Поэтому так важно было стать ребенком.
Ребенок, он маленький и юркий; он убегает от преследователей. Он прыгает в море с тонущей лодки, и никакая волна не захлестнет его. Он плавает, как поплавок. Не утонет.
Вот Марк, дитя, сидит под наряженной елкой. Еще живы его братики и сестрички; это потом они станут мертвыми, и он долго не будет понимать, что это такое – мертвый человек. Чужак? Иностранец? Смерть, это название другой страны? Люди уезжают в смерть навсегда. Неужели они потом не хотят вернуться на родину?
Марк сидит, слышит, как его зовут нежно: «Ма-а-а-а-рик!..» Марик – это он, Марик-комарик, дырявый воздушный шарик. Он сидит под колючей, царственно изукрашенной стекляшками и золотыми шишками веткой, ноги крест-накрест, колени раскинуты, спина сгорблена. Малютка, а сидит, как старик. Наклонился низко. У него в руках игрушка. Даже не игрушка: картонный кружок, с одной стороны выкрашен густым синим цветом, таким выкрашены стены в туалете в детском саду, с другой – просто чистый, белый, снеговой. На снежной стороне карандашом криво накарябан год. Тысяча девятьсот… Кто это написал?
Тысяча, девятьсот, и еще две глупые цифры.
Марк морщит лоб. Вспоминает.
Еще пристально смотрит. Цифры пляшут. Картонный кружок катится из рук на паркет.
Да это же он сам написал! В прошлом году!
Потому что у нового года последняя цифра совсем другая.
Марк знает уже все цифры, но еще не все буквы.
Он глядит, глядит на четыре цифры, на четыре прошлых, крепко зашитых, заросших раны.
Когда он в прошлом году упал на откосе и поранил камнем коленку до кости, отец рану ему зашивал, предварительно обколов колено кучей уколов, чтобы – без боли, но все равно было дико больно, и Марк орал во всю глотку, и сорвал голос. И потом хрипел, как серый волк из сказки, и ему теперь лечили горло. Четыре старых цифры! Этот год исчез. Умер. Он умер. А Марк почему не умер? Значит, время умирает, а люди в нем – нет? Никогда?
Вертел в пухлых пальцах картонный кружок.

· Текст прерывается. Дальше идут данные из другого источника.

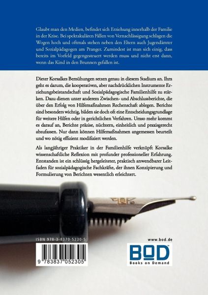 Glaubt man den Medien, befindet sich Erziehung innerhalb der Familie in der Krise. Bei spektakulären Fällen von Vernachlässigung schlagen die Wogen hoch und oftmals stehen neben den Eltern auch Jugendämter und Sozialpädagogen am Pranger. Zumindest ist man sich einig, dass bereits im Vorfeld gegengesteuert werden muss und nicht erst dann, wenn das Kind in den Brunnen gefallen ist.Dieter Korsalkes Bemühungen setzen genau in diesem Stadium an. Ihm geht es darum, die kooperativen, aber nachdrücklichen Instrumente Erziehungsbeistandschaft und Sozialpädagogische Familienhilfe zu stärken. Dazu dienen unter anderem Zwischen- und Abschlussberichte, die über den Erfolg von Hilfemaßnahmen Rechenschaft ablegen. Berichte sind besonders wichtig, bilden sie doch oft eine Entscheidungsgrundlage für weitere Hilfen oder in gerichtlichen Verfahren. Umso mehr kommt es darauf an, Berichte präzise, nüchtern, einheitlich und praxisgerecht abzufassen. Nur dann können Hilfemaßnahmen angemessen beurteilt und wo nötig effizient modifiziert werden.Als langjähriger Praktiker in der Familienhilfe verknüpft Korsalke wissenschaftliche Reflexion mit profunder professioneller Erfahrung. Entstanden ist ein schlüssig hergeleiteter, praktisch anwendbarer Leitfaden für sozialpädagogische Fachkräfte, der ihnen Konzipierung und Formulierung von Berichten wesentlich erleichtert.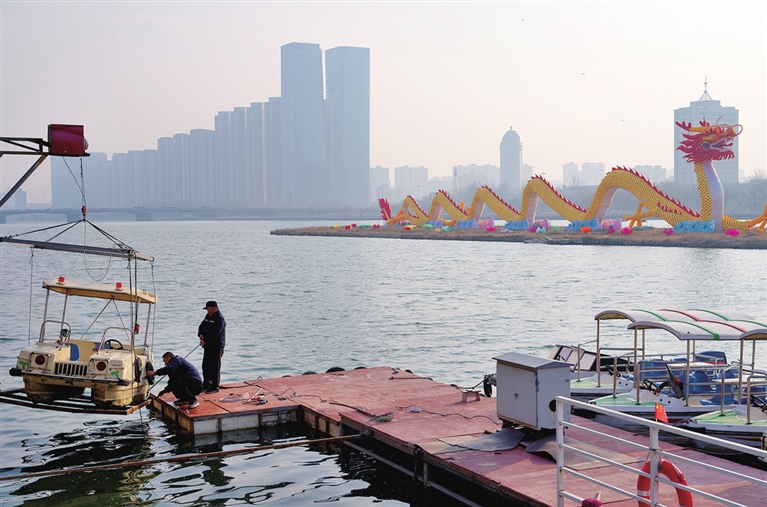 气温回升,春意渐浓,为确保游客安全,三月七日,汾河景区工作人员对游船进行检修、维护。韩双喜 张澍宏 摄
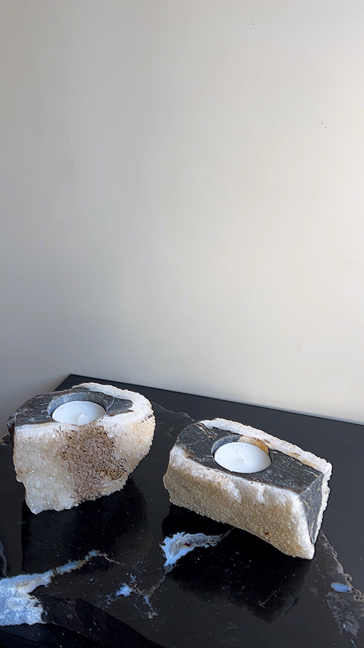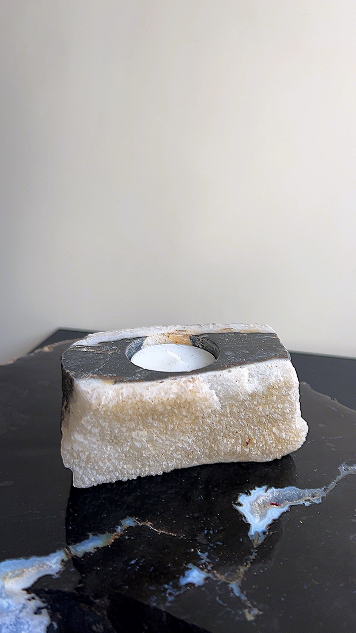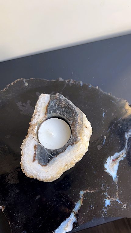 Versteend hout met calciet theelichthouder 2

И вдруг как молния пробила его, насквозь, по хребту, до ребер, до пяток!
Понял: эти четыре цифры никогда не вернутся.
Не повторить. Этот год ушел навсегда. Его больше нет. И не будет.
А он, Марк, все такой же? Он-то – будет? или тоже нет?!
Его захлестнула невозвратность. Слезы волной захлестнули и полились. Сами, он не просил.
Невозвратное. Не вернуть. Никогда. Это он впервые в жизни ощутил глупым балованным ребенком, сидя под густо, щедро наряженной елкой. За старинными шкафами и дубовыми тумбочками. За огромными старыми, высокими и широкими окнами, для тепла заклеенными вдоль рам газетными лентами; мать резала газеты ножницами, обмазывала клейстером и притискивала бумагу между рамой и стеклом, чтобы ветром в окна не дуло. Все вокруг было старое, кроме мамы, отца, детей, пахучей, вчера срубленной в лесу елки, кроме него самого. Невозвратное, надо же такому случиться. А если – вернуть? А – как? Есть способы? Разве есть такая хитрость?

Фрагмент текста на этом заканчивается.